The calendar has flipped to 2024. Our staff members are already tackling new projects. Before they move too deeply into the new year, however, some staff members took a moment to retain the glow of their favorite 2023 project. Sharon Moen, food-fish outreach coordinator, shared her thoughts.
There’s a Swedish saying: ingen ko på isen. “There are no cows on the ice.” It means a situation is under control. I know this phrase not because I have Scandinavian ancestry but because it helped me facilitate seafood sustainability conversations among the World Wildlife Fund-Sweden, the Swedish Seafood Forum, Monterey Bay Aquarium’s Seafood Watch, the Great Lakes commercial fishing industry and Great Lakes natural resource managers.
My work to clarify the sustainable management of Great Lakes cisco and lake whitefish fisheries began two years ago when a Wisconsin fish processor asked for help. The WWF-Sweden had red-rated these Great Lakes species, labeling the fisheries “unsustainable” and asking consumers to avoid purchasing products related to these fish, namely roe (fish eggs), which is popular in Sweden and valuable to the small-scale fishers of lakes Superior, Michigan and Huron. Swedes take seafood sustainability seriously. Roe sales plummeted as markets pulled product from their shelves.
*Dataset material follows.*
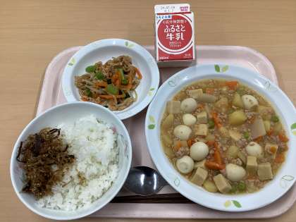 今日の献立は、麦入りごはん、カミカミ佃煮、じゃがいものそぼろ煮、からし和え、牛乳です。

My efforts to facilitate the exchange of evidence-based information through presentations, fact sheets, emails, letters, conference calls and phone calls prompted the WWF-Sweden to reassess Wisconsin and Michigan’s lake whitefish fisheries and Wisconsin’s Lake Superior cisco fishery.
The reassessment was released in September. Lake Superior’s Wisconsin and Michigan fisheries leapt from red (do not) to green (good choice) and Lake Michigan’s lake whitefish fisheries improved to yellow (be careful). People in the industry estimate the mostly overseas sale of cisco and lake whitefish roe generates about $15 million in the U.S.
Working with communication challenges related to fisheries sustainability made me realize how distance, misunderstandings, the complexity of multi-jurisdictional fisheries and the scarcity of funds for accurate assessments can damage the livelihoods of small-scale fishers and the economic viability of coastal communities.